Tech Talk: An Analysis of Analysis

title: An Analysis of Analysis

speaker: Charles Parker

time: Friday, 11 May 2012, 10:30am

A basic problem in computer science is binary classification, in which an algorithm applies a binary label to data based on the presence or absence of some phenomenon. Problems of this type abound in areas as diverse as computational biology, multimedia indexing, and anomaly detection. Evaluating the performance of a binary labeling algorithm is itself a complex task, often based on a domain-dependent notion of the relative cost of "false positives" versus "false negatives". As these costs are often not available to researchers or engineers, a number of methods are used to provide a cost-independent analysis of performance. In this talk, I will examine a number of these methods both theoretically and experimentally. The presented results suggest a set of best practices for evaluating binary classification algorithms, while questioning whether a cost-independent analysis is even possible.

bio: Charles Parker received his Ph.D. in Computer Science in 2007 under Professor Prasad Tadepalli at Oregon State University.
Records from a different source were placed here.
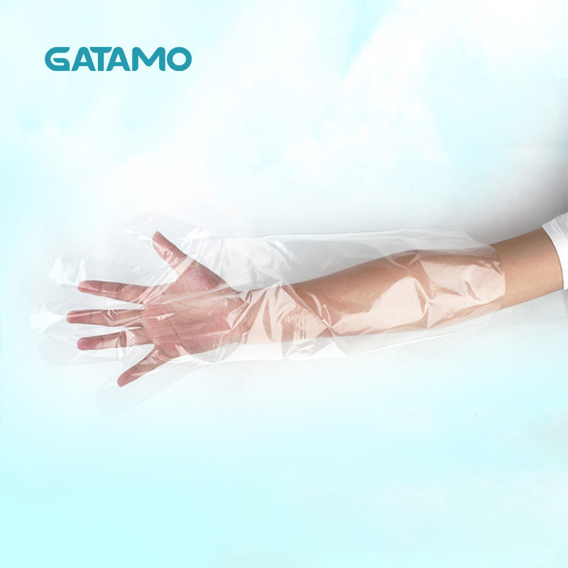 | Matériel: | PE, PE | Nom de produit: | Gants en plastique prolongés transparents jetables de PE des bons prix de Gatamo |
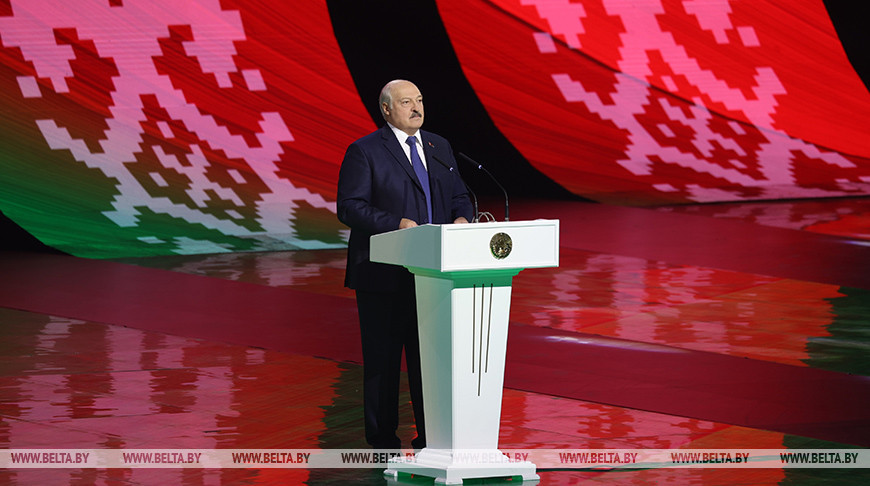 "Мы аб'ядналіся ў адной краіне, у адной рэспубліцы. Ад сіняй стужкі Прыпяці да званоў полацкай Сафіі. Ад Камянецкай вежы і нёманскіх хваль да велічных Дняпра і Сожа. Паходню беларускай дзяржаўнасці запалілі ў старажытным Полацкім княстве і праз стагоддзі выпрабаванняў дзякуючы сіле духу нашых продкаў адрадзілі ў Мінску. І пад светлым знакам нашага адзінства мы ўпэўнена крочым у будучыню. Так будзе заўжды! Гэта НАША гісторыя!" - заявіў Прэзiдэнт.
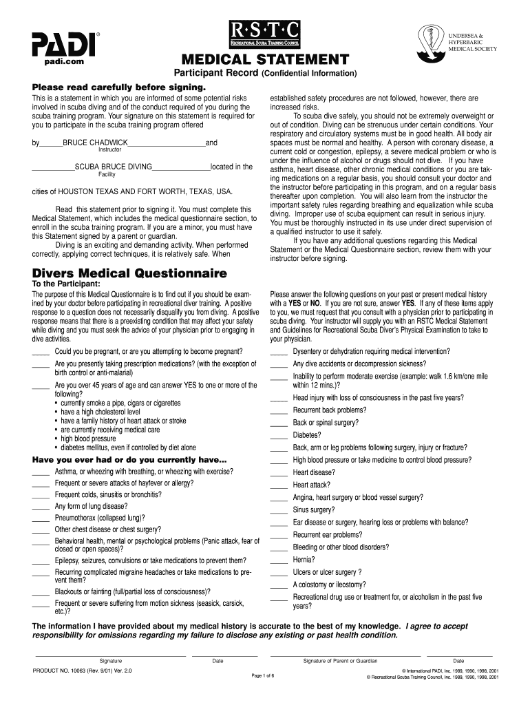 Take your time and avoid guessing: It is essential to take your time while completing the questionnaire and avoid guessing answers if you are uncertain. Guessing can lead to inaccurate information, which can have potential consequences during diving activities.

His thesis, "Structured Gradient Boosting", presented a gradient-based approach to structured prediction useful in information retrieval and planning domains. From 2007 to 2011, he worked for the Eastman Kodak Company on various problems in data mining, scanned document analysis, and consumer video indexing. He currently works for BigML, Inc., helping to develop a web-scale infrastructure and interface for machine learning. His work has appeared in ICML, AAAI, ICDM, and other notable venues.